Another suggested policy change — this as a solution to parents’ reluctance to have their children vaccinated — is a no-fault system of vaccine compensation. (S167-S174) Again, while credit is due for the rare suggestion that does not further burden the practicing physician, this is another bad idea.
The authors observe that “the need to establish a causal link between the vaccine and the harm suffered still limits eligibility” for compensation and propose “no-fault compensation in those rare instances when serious injury occurs” (S170) although this suggestion is truncated later in the article to “a no-fault compensation if a child should suffer a vaccine-related injury” (S171).

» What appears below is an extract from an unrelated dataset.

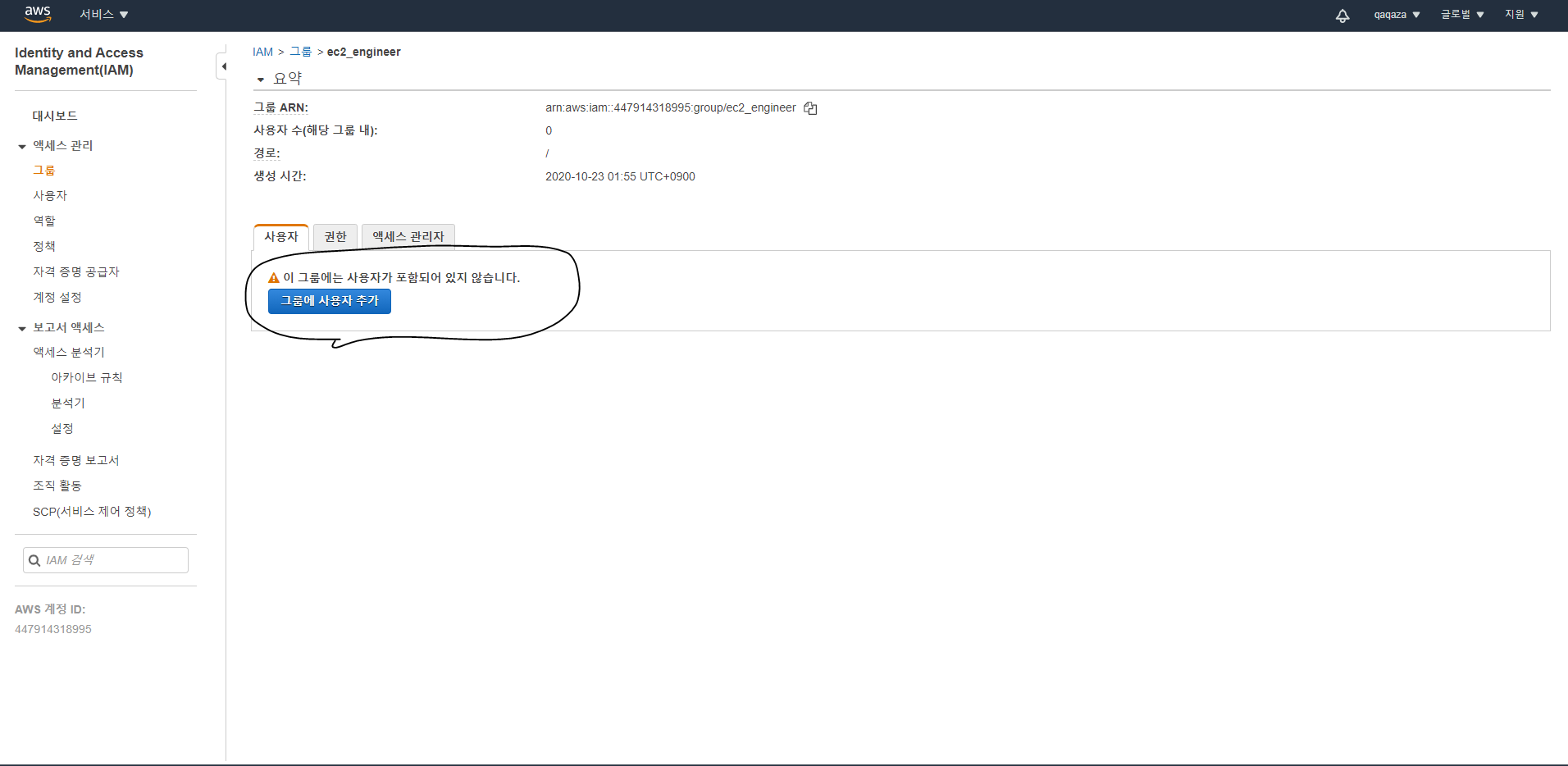 - 그룹을 생성한 뒤, 그룹 이름을 클릭하여 그룹에 위에서 생성한 IAM 사용자를 추가합니다.

This proposal is curious, to say the least. First, in the U.S., there is already a no-fault administrative system for certain vaccines if the claimed side effect is one recognized by a statutory index and occurs within a specified time frame. If the criteria for one of these “table claims,” as they are called, is met, there is a statutory presumption of eligibility for compensation. If the claimed injury is “off table,” there is no presumption of causation and the claimant must satisfy a preponderance of the evidence standard to recover. However, instead of having to resort to the courts under traditional tort principles, cases are heard before Special Masters, with relaxed rules of evidence, assured payment to plaintiffs’ attorneys, and other plaintiff-friendly provisions.1
In any event, an exclusively no-fault system is simply inappropriate for putative vaccine-injury claims because of the speculative connection between vaccination and injury in many cases. The traditional tort system is meant to place financial responsibility for injury on the party who caused the injury instead of the injured party. No-fault systems are designed to eliminate the requirement that the injured party prove causation where there is an identifiable event in which the injury occurred — a car crash or an industrial accident, for example. In the no-fault vaccine injury system, the “table claims” are based on scientific evidence of a plausible connection between the vaccination and the injury, and thus fit a no-fault scheme.
In no-fault systems, certainty of recovery for the injured replaces the uncertainty of the fault-based tort recovery system. As a trade-off, insurers and their insureds benefit from the cost savings introduced when fault-based litigation is reduced or eliminated. In addition, costs are spread among all drivers, in the case of no-fault auto insurance, or, in the case of workers’ comp, all employers, thereby reducing the individual cost to any one driver or employer.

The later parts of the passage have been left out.